Volkswagen Shrinks Model Lineup as Labor Stalemate Deepens

Volkswagen announced it would cut its global model lineup by up to 50% and reduce annual production capacity to 9M vehicles.
The move came after labor representatives on its supervisory board voted 12-7 to block a broader restructuring plan on July 9.
The blocked plan reportedly included up to 100K job cuts and the closure of four German factories in Hanover, Zwickau, Emden, and Neckarsulm. Volkswagen's published statement made no mention of either measure.
The company's so-called Future Plan instead targets complexity reductions that don't require supervisory board approval. Equipment configurations will be trimmed by up to 75%, and technology platforms will be consolidated across global operations.
VW's governance structure gives labor representatives and the state of Lower Saxony a majority on the supervisory board, making management-driven overhauls structurally difficult to push through.
The backdrop makes the governance deadlock harder to absorb. Volkswagen delivered 2.08M vehicles globally in Q2, down 8.6% year-over-year, the steepest decline in four years.
China, VW's largest single market, saw deliveries collapse 36.6% to 424K units. Global EV deliveries fell 4.2% to 238K units.
US EV deliveries dropped 49% to just 5,800 after federal subsidies expired and new tariffs took effect.

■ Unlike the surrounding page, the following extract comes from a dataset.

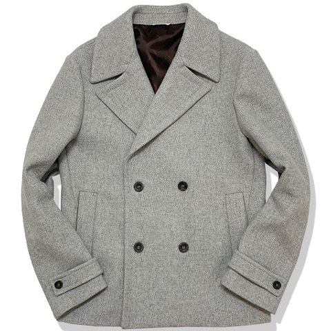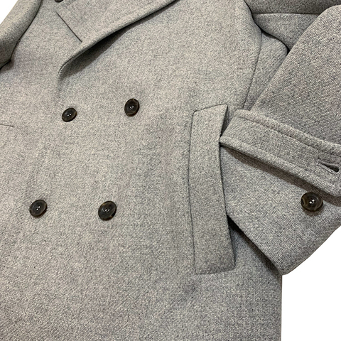綾織り 4ボタン ウールミックスショートPコート(GRAY)

Profit has also deteriorated sharply. Net profit fell 28% to 1.56B euros in Q1 2026, with revenue down 2.5% to 75.7B euros year-over-year.
VW shares have lost more than 30% of their value since the start of 2026 and slipped roughly 1% on Friday after the board meeting results became public.
Jefferies analysts said VW's update offered no indication of progress toward plant closures, a five-year investment plan, or additional headcount reductions. Bernstein called the plan long on ideals but very short on specifics.
VW's current labor deal includes a strike truce, but unions have threatened escalation if management seeks to reopen job security commitments beyond a previously agreed 50K reduction by 2030.
The next few years will decide who will play a decisive role in the automotive industry in the future."
Oliver Blume, Volkswagen Group CEO
To shore up its balance sheet, VW sold a majority stake in a unit called Everllence in late June, generating roughly 7.4B euros in cash proceeds.
Potential divestitures of luxury brands like Lamborghini and motorcycle maker Ducati remain under discussion.
The company employs roughly 657K people worldwide, and none of them yet know what the capacity cuts will mean for their jobs.